I am about to purchase an Integra 8.9 and wondering if the mic that comes with it would be good enough? you assume it would as it what its designed for?

maybe a stupid question but I thought id ask

thanks in advance


----------



## Wayne A. Pflughaupt (Apr 13, 2006)

Those mics can't be used with REW. Basically, they are cheapie mics that aren't terribly accurate. The receiver they come with will have built-in compensation for the mic's inaccuracies. IOW, an internal "calibration file." Any mic used with REW requires a calibration file to compensate for its deviations from flat response; otherwise the graph you'd see in REW would be a combination of the room and the mic. The problem with the receiver's mics is that we have no way of knowing what their frequency response is, and therefore have no means to create a calibration file for it. Make sense?

Regards,
Wayne


----------



## vfxmorley (Feb 3, 2010)

makes perfect sense.

thanks

ecm8000 for me


----------



## tonyvdb (Sep 5, 2007)

There are other options as well, You still do require an SPL meter in order to get the levels accurate to 75db's. Are you planning to do full range readings or just ballpark full range with emphases on the lower range including subwoofer levels?


----------



## vfxmorley (Feb 3, 2010)

tonyvdb said:


> There are other options as well, You still do require an SPL meter in order to get the levels accurate to 75db's. Are you planning to do full range readings or just ballpark full range with emphases on the lower range including subwoofer levels?


I'll definatly get an SPL. Everything else us actually for a bit if fun. So that's why I was looking fir a cheaper method.
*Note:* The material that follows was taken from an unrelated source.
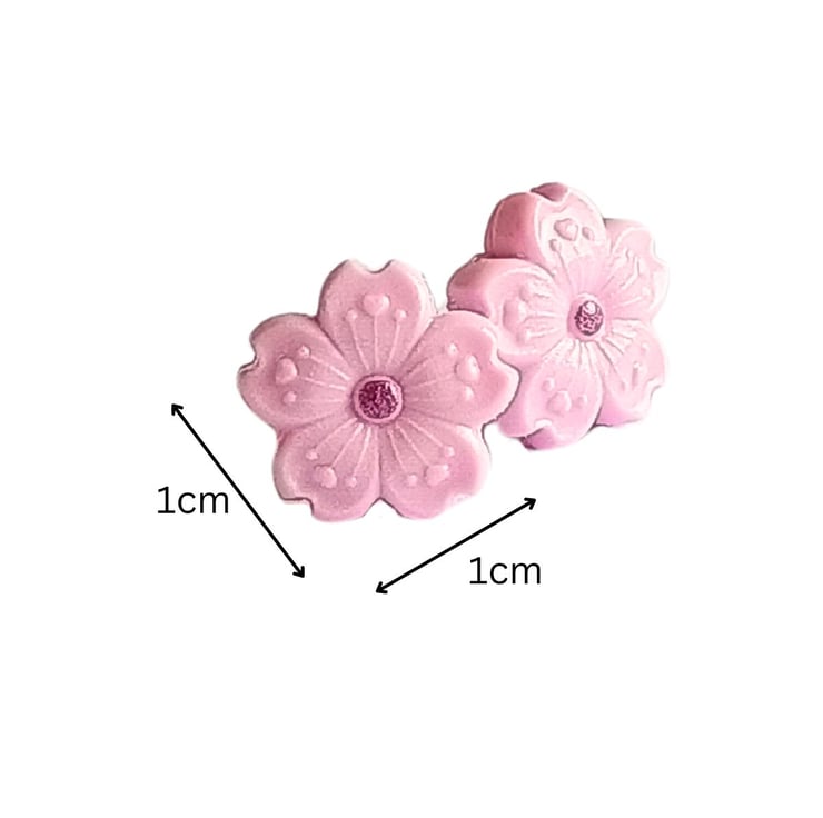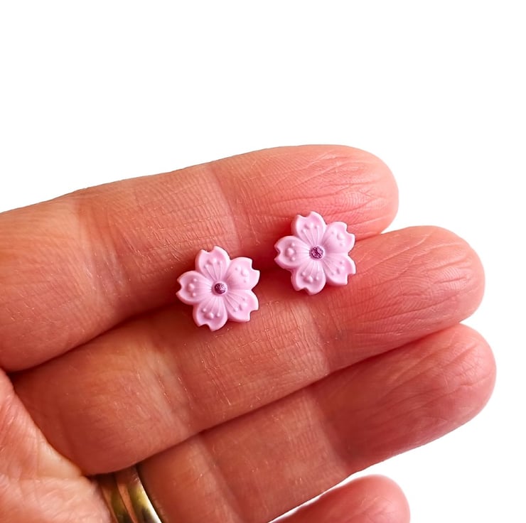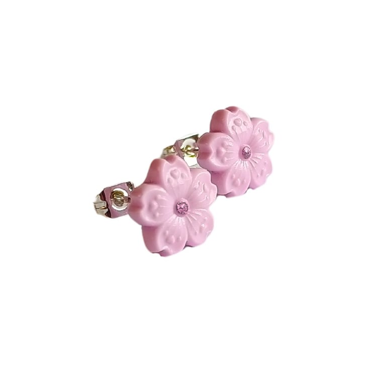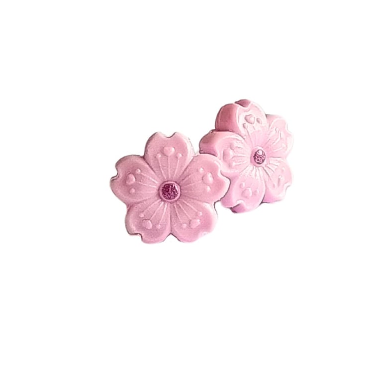 A pair of pink cherry blossom stud earrings. These earrings have been handmade from polymer clay and feature subtle embossed texture in the petals with a dark metallic pink centre.

I don't really have that much ability to "tune" the system after analyzing. 
My main reason for doing it was curiosity to see how good I'd designed the room!
_Posted via Mobile Device_


----------



## tonyvdb (Sep 5, 2007)

If your not planing on doing full range readings (above 12khz) then you dont even need the ECM8000 you could just use the Galaxy CM140 as it is an excellent SPL meter and decent mic in one unit that works very well with REW.


----------



## glaufman (Nov 25, 2007)

Well for cheaper, you can use just the SPL from RS up to 3kHz.


----------